■ Your assignment
Repeat the listing below in full and exactly, but without its pictures.
*** Opening Recorded information ***
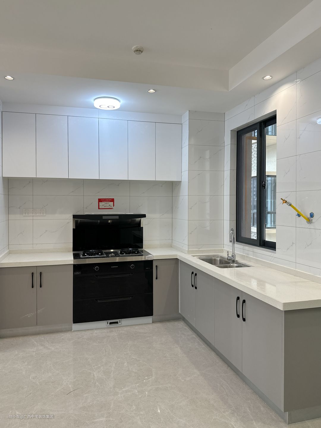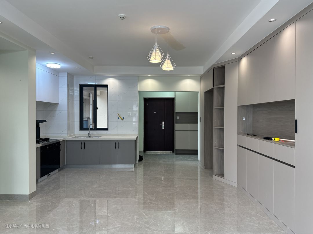 厨房开而烹饪,集聚烹饪的乐趣与互动性,让烹饪区更有烟火气。L型橱柜,包纳烹饪食材和厨具,让空间整洁有序,告别了脏脏的环境。大理石台面,是为了守护一方美食,其使用时间长,耐磨耐脏,化身守护大师。而集成灶+抽油烟机则是另一个烹饪赛道,大火烹饪,无油烟困扰,烹饪出一道道色香味俱全的美食。
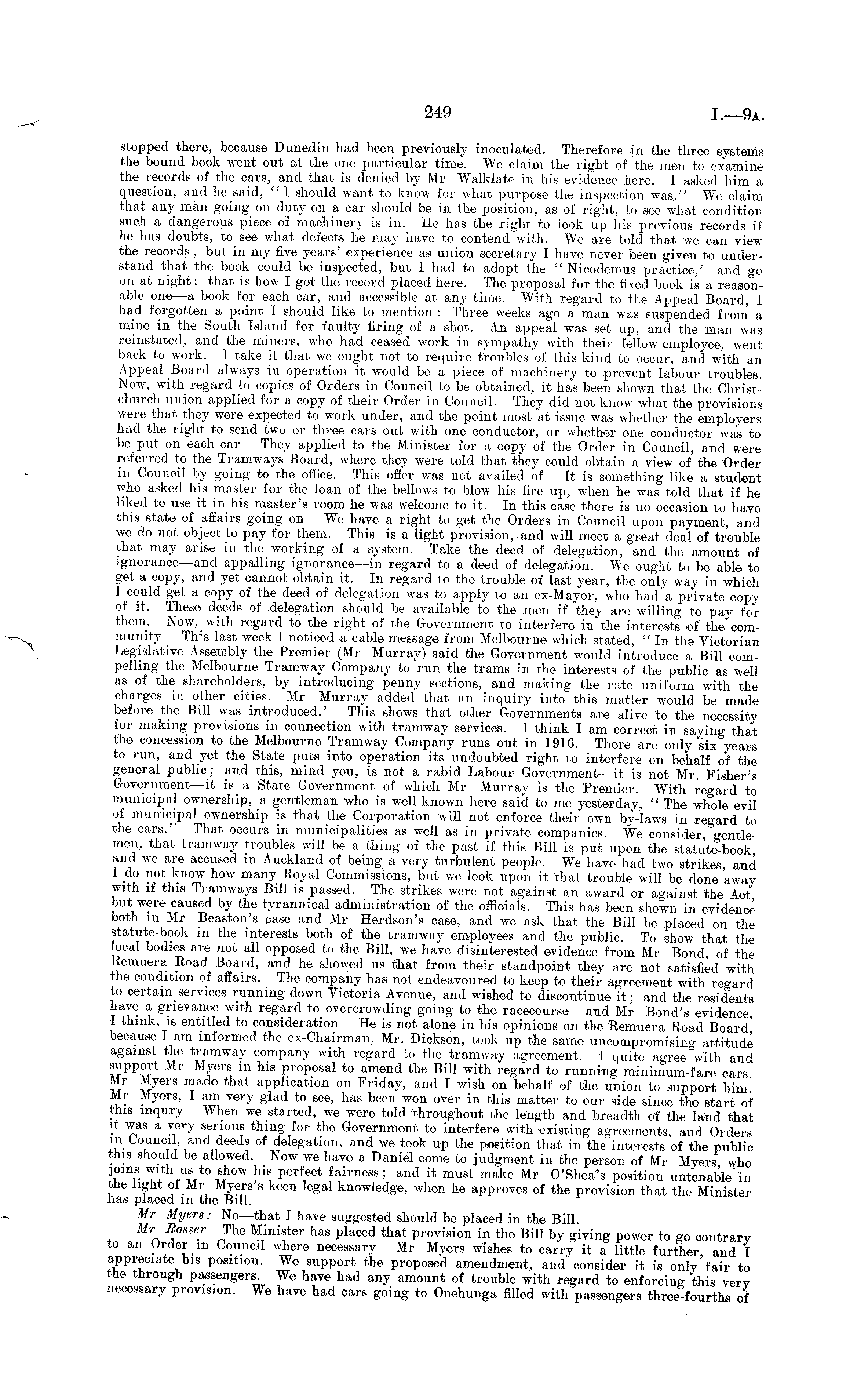 stopped there, because Dunedin had been previously inoculated. Therefore in the three systems the bound book went out at the one particular time. We claim the right of the men to examine the records of the cars, and that is denied by Mr Walklate in his evidence here. I asked him a question, and he said, " I should want to know for what purpose the inspection was." We claim that any man going on duty on a car should be in the position, as of right, to see what condition such a dangerous piece of machinery is in. He has the right to look up his previous records if he has doubts, to see what defects he may have to contend with. We are told that we can view the records, but in my five years' experience as union secretary I have never been given to understand that the book could be inspected, but I had to adopt the " Nioodemus practice,' and go on at night: that is how I got the record placed here. The proposal for the fixed book is a reasonable one—a book for each car, and accessible at any time. With regard to the Appeal Board, I had forgotten a point I should like to mention : Three weeks ago a man was suspended from a mine in the South Island for faulty firing of a shot. An appeal was set up, and the man was reinstated, and the miners, who had ceased work in sympathy with their fellow-employee, went back to work. I take it that we ought not to require troubles of this kind to occur, and with an Appeal Board always in operation it would be a piece of machinery to prevent labour troubles. Now, with regard to copies of Orders in Council to be obtained, it has been shown that the Christchurch union applied for a copy of their Order in Council. They did not know what the provisions were that they were expected to work under, and the point most at issue was whether the employers had the right to send two or three cars out with one conductor, or whether one conductor was to be put on each car They applied to the Minister for a copy of the Order in Council, and were referred to the Tramways Board, where they were told that they could obtain a view of the Order in Council by going to the office. This offer was not availed of It is something like a student who asked his master for the loan of the bellows to blow his fire up, when he was told that if he liked to use it in his master's room he was welcome to it. In this case there is no occasion to have this state of affairs going on We have a right to get the Orders in Council upon payment, and we do not object to pay for them. This is a light provision, and will meet a great deal of trouble that may arise in the working of a system. Take the deed of delegation, and the amount of ignorance—and appalling ignorance—in regard to a deed of delegation. We ought to be able to get a copy, and yet cannot obtain it. In regard to the trouble of last year, the only way in which I could get a copy of the deed of delegation was to apply to an ex-Mayor, who had a private copy of it. These deeds of delegation should be available to the men if they are willing to pay for them. Now, with regard to the right of the Government to interfere in the interests of the community This last week I noticed -a cable message from Melbourne which stated, "In the Victorian Legislative Assembly the Premier (Mr Murray) said the Government would introduce a Bill compelling the Melbourne Tramway Company to run the trams in the interests of the public as well as of the shareholders, by introducing penny sections, and making the rate uniform with the charges in other cities. Mr Murray added that an inquiry into this matter would be made before the Bill was introduced.' This shows that other Governments are alive to the necessity for making provisions in connection with tramway services. I think lam correct in saying that the concession to the Melbourne Tramway Company runs out in 1916. There are only six years to run, and yet the State puts into operation its undoubted right to interfere on behalf of the general public; and this, mind you, is not a rabid Labour Government—it is not Mr. Fisher's Government—it is a State Government of which Mr Murray is the Premier. With regard to municipal ownership, a gentleman who is well known here said to me yesterday, " The whole evil of municipal ownership is that the Corporation will not enforce their own by-laws in regard to the cars." That occurs in municipalities as well as in private companies. We consider gentlemen, that tramway troubles will be a thing of the past if this Bill is put upon the statute-book and we are accused in Auckland of being a very turbulent people. We have had two strikes, and 1 do not know how many Royal Commissions, but we look upon it that trouble will be done away with if this Tramways Bill is passed. The strikes were not against an award or against the Act but were caused by the tyrannical administration of the officials. This has been shown in evidence both in Mr Beaston's case and Mr Herdson's case, and we ask that the Bill be placed on the statute-book in the interests both of the tramway employees and the public. To show that the local bodies are not all opposed to the Bill, we have disinterested evidence from Mr Bond of the Remuera Road_ Board, and he showed us that from their standpoint they are not satisfied with the condition of affairs. The company has not endeavoured to keep to their agreement with regard to services running down Victoria Avenue, and wished to discontinue it; and the residents have a grievance with regard to overcrowding going to the racecourse and Mr Bond's evidence I thmk, is entitled to consideration He is not alone in his opinions on the Remuera Road Board' because I am informed the ex-Chairman, Mr. Dickson, took up the same uncompromising attitude against the tramway company with regard to the tramway agreement. I quite agree with and support Mr Myers in his proposal to amend the Bill with regard to running minimum-fare cars Mr Myers made that application on Friday, and I wi
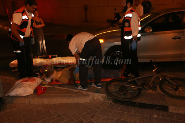 بالصور: إصابة متوسطة لراكب دراجة هوائية بحادث دهس شمال مدينة يافا
*** Closing Recorded information ***
■ Response area
 厨房开而烹饪,集聚烹饪的乐趣与互动性,让烹饪区更有烟火气。L型橱柜,包纳烹饪食材和厨具,让空间整洁有序,告别了脏脏的环境。大理石台面,是为了守护一方美食,其使用时间长,耐磨耐脏,化身守护大师。而集成灶+抽油烟机则是另一个烹饪赛道,大火烹饪,无油烟困扰,烹饪出一道道色香味俱全的美食。
 stopped there, because Dunedin had been previously inoculated. Therefore in the three systems the bound book went out at the one particular time. We claim the right of the men to examine the records of the cars, and that is denied by Mr Walklate in his evidence here. I asked him a question, and he said, " I should want to know for what purpose the inspection was." We claim that any man going on duty on a car should be in the position, as of right, to see what condition such a dangerous piece of machinery is in. He has the right to look up his previous records if he has doubts, to see what defects he may have to contend with. We are told that we can view the records, but in my five years' experience as union secretary I have never been given to understand that the book could be inspected, but I had to adopt the " Nioodemus practice,' and go on at night: that is how I got the record placed here. The proposal for the fixed book is a reasonable one—a book for each car, and accessible at any time. With regard to the Appeal Board, I had forgotten a point I should like to mention : Three weeks ago a man was suspended from a mine in the South Island for faulty firing of a shot. An appeal was set up, and the man was reinstated, and the miners, who had ceased work in sympathy with their fellow-employee, went back to work. I take it that we ought not to require troubles of this kind to occur, and with an Appeal Board always in operation it would be a piece of machinery to prevent labour troubles. Now, with regard to copies of Orders in Council to be obtained, it has been shown that the Christchurch union applied for a copy of their Order in Council. They did not know what the provisions were that they were expected to work under, and the point most at issue was whether the employers had the right to send two or three cars out with one conductor, or whether one conductor was to be put on each car They applied to the Minister for a copy of the Order in Council, and were referred to the Tramways Board, where they were told that they could obtain a view of the Order in Council by going to the office. This offer was not availed of It is something like a student who asked his master for the loan of the bellows to blow his fire up, when he was told that if he liked to use it in his master's room he was welcome to it. In this case there is no occasion to have this state of affairs going on We have a right to get the Orders in Council upon payment, and we do not object to pay for them. This is a light provision, and will meet a great deal of trouble that may arise in the working of a system. Take the deed of delegation, and the amount of ignorance—and appalling ignorance—in regard to a deed of delegation. We ought to be able to get a copy, and yet cannot obtain it. In regard to the trouble of last year, the only way in which I could get a copy of the deed of delegation was to apply to an ex-Mayor, who had a private copy of it. These deeds of delegation should be available to the men if they are willing to pay for them. Now, with regard to the right of the Government to interfere in the interests of the community This last week I noticed -a cable message from Melbourne which stated, "In the Victorian Legislative Assembly the Premier (Mr Murray) said the Government would introduce a Bill compelling the Melbourne Tramway Company to run the trams in the interests of the public as well as of the shareholders, by introducing penny sections, and making the rate uniform with the charges in other cities. Mr Murray added that an inquiry into this matter would be made before the Bill was introduced.' This shows that other Governments are alive to the necessity for making provisions in connection with tramway services. I think lam correct in saying that the concession to the Melbourne Tramway Company runs out in 1916. There are only six years to run, and yet the State puts into operation its undoubted right to interfere on behalf of the general public; and this, mind you, is not a rabid Labour Government—it is not Mr. Fisher's Government—it is a State Government of which Mr Murray is the Premier. With regard to municipal ownership, a gentleman who is well known here said to me yesterday, " The whole evil of municipal ownership is that the Corporation will not enforce their own by-laws in regard to the cars." That occurs in municipalities as well as in private companies. We consider gentlemen, that tramway troubles will be a thing of the past if this Bill is put upon the statute-book and we are accused in Auckland of being a very turbulent people. We have had two strikes, and 1 do not know how many Royal Commissions, but we look upon it that trouble will be done away with if this Tramways Bill is passed. The strikes were not against an award or against the Act but were caused by the tyrannical administration of the officials. This has been shown in evidence both in Mr Beaston's case and Mr Herdson's case, and we ask that the Bill be placed on the statute-book in the interests both of the tramway employees and the public. To show that the local bodies are not all opposed to the Bill, we have disinterested evidence from Mr Bond of the Remuera Road_ Board, and he showed us that from their standpoint they are not satisfied with the condition of affairs. The company has not endeavoured to keep to their agreement with regard to services running down Victoria Avenue, and wished to discontinue it; and the residents have a grievance with regard to overcrowding going to the racecourse and Mr Bond's evidence I thmk, is entitled to consideration He is not alone in his opinions on the Remuera Road Board' because I am informed the ex-Chairman, Mr. Dickson, took up the same uncompromising attitude against the tramway company with regard to the tramway agreement. I quite agree with and support Mr Myers in his proposal to amend the Bill with regard to running minimum-fare cars Mr Myers made that application on Friday, and I wi
 بالصور: إصابة متوسطة لراكب دراجة هوائية بحادث دهس شمال مدينة يافا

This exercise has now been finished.